From Jupyter Notebooks to a Python Package: The Best of Both Worlds
- Duration:
- 45 minutes
Abstract
A Jupyter notebook is quite handy for rapid REPL (Read-Eval-Print-Loop) style tasks such as exploratory data analysis. However, we would feel deficiencies in proper SW engineering supports at some point as the notebook grows to have larger and more complicated code. It is because the Jupyter notebook lacks several important features including code sharing, refactoring support, git integration and advanced editing. Fortunately, traditional full-fledged IDEs, such as VS Code or PyCharm, are available at hand and they support these lacking features very well. Then, why don’t we take advantage of the best of both worlds?
In this beginner-level hands-on talk, I will demonstrate how to transform a Jupyter notebook workflow to a proper Python package using VS Code. I will also introduce several basic but essential refactoring recommendations. By doing so, you can use the refactored package for several notebooks and even share with your colleagues and friends.
Description
Introduction
- Full-fledged IDEs (Before Jupyter Notebook)
- VS Code, PyCharm, Spyder, etc.
- One iteration takes a long journey
- With Jupyter notebook
- Pros: REPL, interactivity, visualization, rapid prototyping, result sharing, etc.
- Cons: code sharing, refactoring support, git integration, advanced editing, etc.
- IDE and Jupyter Notebook are not exclusive. We can benefit from the best of both worlds.

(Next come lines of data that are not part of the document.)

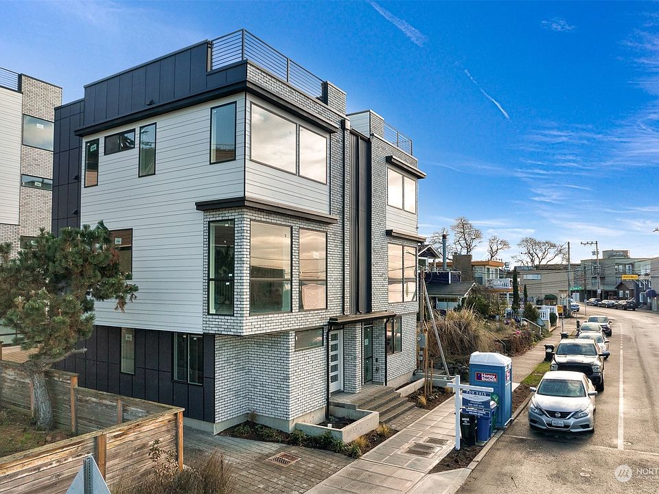 An exceptional setting, Key Development has done it again with four luxury townhomes on Beach Drive, just around the corner from Alki Beach. These units have it all – square footage, dimensions, finishes, parking, rooftops, and of course VIEWS. 4020 Beach Drive has 3 bedrooms, flex space/den, a massive kitchen with all the designer touches, Samsung Appliances, custom white shaker cabinets, floor to ceiling windows, and powder room. Large fireplace in the living with tons of natural light. Air conditioning on two floors. Master bath has beautiful marble finishes, a dual vanity and two-piece rain shower. Utility room on third floor. Rooftop deck for stunning sweeping sound and mountain views. Off-street parking wired for EV charging.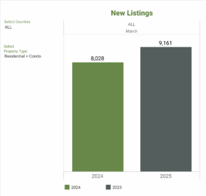 NWMLS brokers added 9,161 new listings in March 2025, a year-over-year increase of 14.1% compared to March 2024 (8,028). When compared to February 2025, new listings increased by 44.4%, with 6,346 listings added.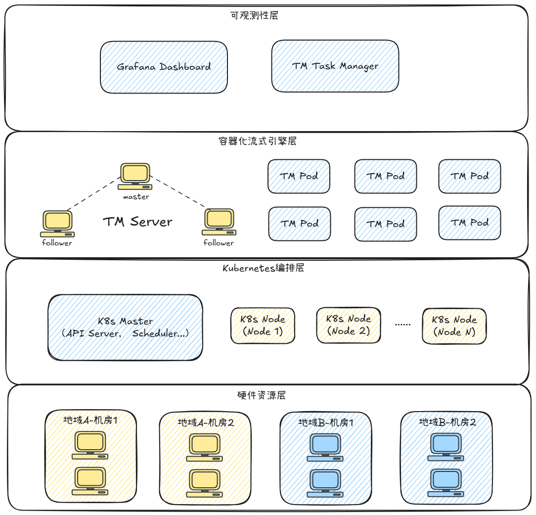 容器化流式引擎层:以容器化 Pod 形式运行基于厂内自研流式框架TM的算子,通过容器标准化封装消除环境差异,支持水平扩缩容,让计算能力可根据业务流量弹性适配;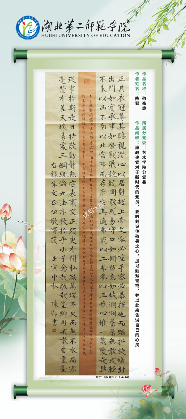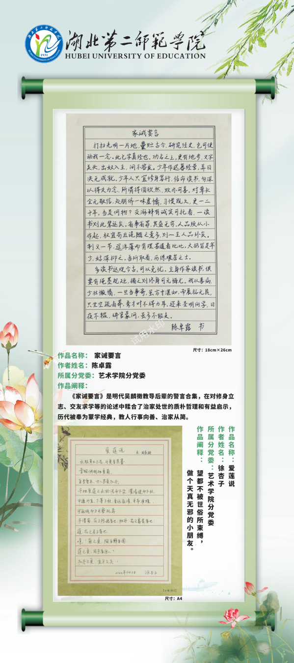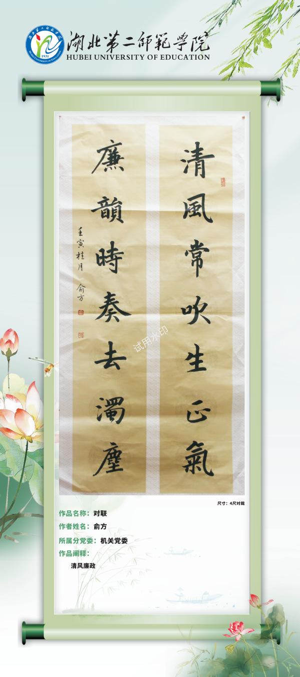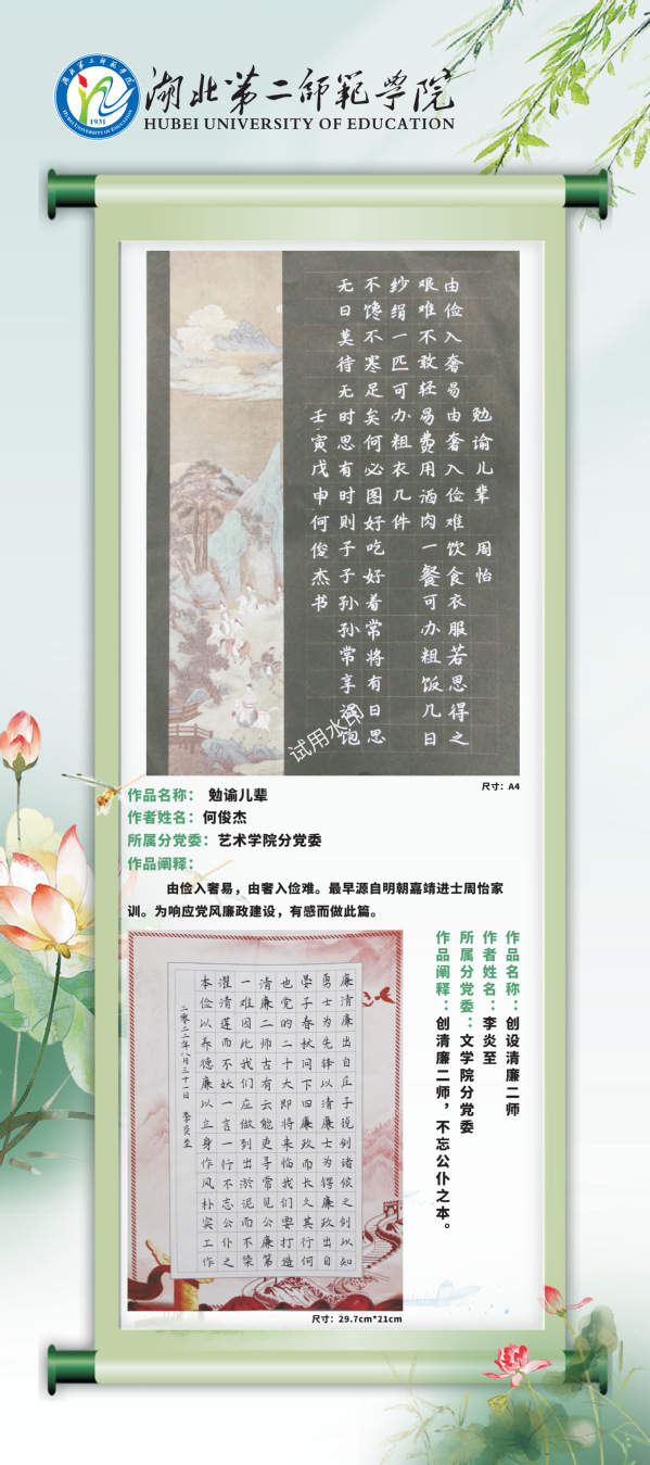 现结合党风廉政建设宣教月活动,通过校园网络平台对廉洁教育活动中征集到的廉洁视频和书画作品择优进行展示,引导学校师生进一步夯实清正廉洁思想根基、厚植廉洁奉公文化基础、培养廉洁自律道德操守、弘扬崇廉拒腐社会风尚,不断增强廉洁治校、廉洁从教、廉洁育人、廉洁修身意识。

Data Science Workflow with Jupyter
- REPL (Read-Eval-Print-Loop)
- Simple Refactoring
- Repeated code to functions
- Put everything in order
- How about multiple notebooks that requires the same functions?

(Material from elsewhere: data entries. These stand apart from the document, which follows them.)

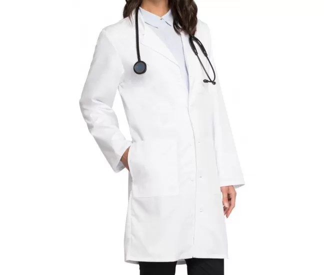 Unisex Lab Coat WWE4403 in WhiteA Unisex Modern fit, button front lab coat features a notched lapel, a chest pocket, and two lower patch pockets with side entry for easy access to pant pockets.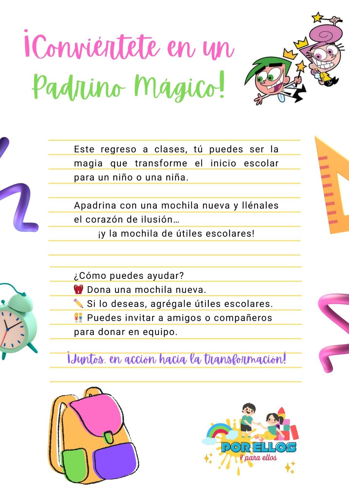 El voluntariado Por Ellos y Para Ellos lanzó una nueva convocatoria del programa “Padrinos Mágicos”, con el objetivo de reunir mochilas y útiles escolares para 18 niñas y niños antes del inicio del próximo ciclo escolar.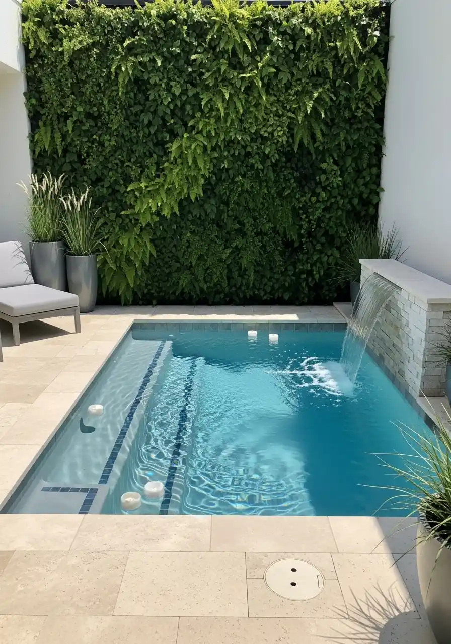 Okay this one is dramatic, in a good way. A small plunge pool with a sheet waterfall spilling from a clean box, and a tall green wall behind it. It feels private and cool, like you could hide from the whole world for an hour.

- Easy but dirty way: ctrl+c -> ctrl+v
To (Your Own) Package
- Why? Benefits
- Module (a Python file)
- Package
- A directory containing a _init_.py file
- Other settings to be a proper package
- (Essential) Refactoring
- Naming and coding style (PEP8, black)
- Code structure
- How to (properly) import in a Jupyter notebook
- Based on local dependency
- sys.path.append()
- Install as a library: pip install -e [DIR]
- autoreload magic command in a Jupyter notebook
- Make it available to the world: pypi
Conclusion
- Some tips and references